What if we put out a wide-spread call-out, one day for everybody to go out into their city and just plant vegetables and shrubs and fruit trees everywhere, on every open patch of grass and soil? If we all went out at the same time, hundreds and thousands of us, everywhere all over the city to reclaim the wasted spaces, and just started mixing up the soil, tearing out the sod and laying down the mulch, planting food forests everywhere. Would they be able to stop all of us, or even most of us? Probably not.

Now imagine a future where those food forests have had time to mature and to come into themselves. Then families would have free, healthy, local, organic, accessible food for their children, and not have to deal with the armed guards at the grocery stores when the trucks stop coming. Doesn’t that sound much better than paying for unhealthy food we don’t have control over, unhealthy, genetically modified food that is killing us AND the planet?  

There is a famous passage from Starhawk’s futuristic Utopian novel The Fifth Sacred Thing that embodies and embraces the not-so-distant possibility of transforming our urban reality. She writes,

“Maria gathered together with her neighbors, Alice Black, Lily Fong, and

Greta Jeanne Margolis, four old women with nothing to lose… they marched

out into the dawn with pickaxes over their shoulders, straight out into the

middle of Army Street, and all traffic stopped… Maria raised the pickaxe above

her head, there came a silence like a great, shared, indrawn breath. Then she

let it fall… They tore up the pavement, blow by blow, and filled the holes

with compost… And planted them with seeds… the word was carried through

the streets, and we rushed from our houses to join them, bringing tools or

only our bare hands, eager to build something new… Many of us were crying,

with joy or with fear…. But Alice raised her hand and she called out in a

loud voice. ‘Don’t you cry,…. This is not a time to cry. This is a time to rejoice

and praise the earth, because today we have planted our freedom!’”5

If we think this sounds like a stretch of the imagination, consider this. Slavoj Zizek writes that "an act is more than an intervention into the domain of the possible--an act changes the very coordinates of what is possible and thus retroactively creates its own conditions of possibility."6 This is what we must do, and we can do it simply by going out and doing something that people normally wouldn’t do. Smashing up the asphalt to plant seeds is a great example, and it is an interesting thought that pushing discomfort has the potential to change the world in the blink of an eye.

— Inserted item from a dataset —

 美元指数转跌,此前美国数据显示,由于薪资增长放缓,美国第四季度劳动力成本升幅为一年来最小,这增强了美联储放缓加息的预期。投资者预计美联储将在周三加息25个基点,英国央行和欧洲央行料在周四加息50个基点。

The last line of The Fifth Sacred Thing passage above is particularly important because it is critical to understand exactly that: that planting our own gardens and food forests doesn’t simply mean healthy food and cheaper grocery bills, it means freedom. The day we manage to put control of the two things we absolutely can’t live without, food and water, into the hands of communities, we will have become the architects of our own freedom. 

 

1.     (http://purplethistle.ca/projects/gardening/)

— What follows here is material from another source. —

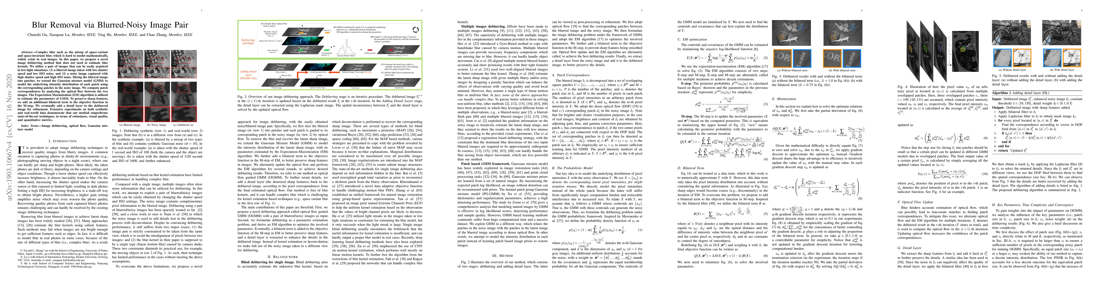 This paper proposes a novel deblurring method that leverages a pair of blurred-noisy images to remove complex blur without estimating blur kernels. It uses the Gaussian mixture model to model intensity distributions and the Expectation Maximization algorithm for parameter estimation, achieving superior results compared to state-of-the-art techniques.

2.     (Permaculture Institute, Permaculture Food Forest: http://www.permaculture.org/nm/index.php/site/Permaculture-Food-Forest/)

3.     Ibid.

4.     (Permaculture Research Institute of Australia, Why Food Forests?: http://permaculturenews.org/2011/10/21/why-food-forests/)

5.     Starhawk, The Fifth Sacred Thing, Bantam Books: New York, 1993.

6.     Slavoj Zizek, A Permanent Economic Emergency, New Left Review 64, July/Aug 2010, (London: 2010).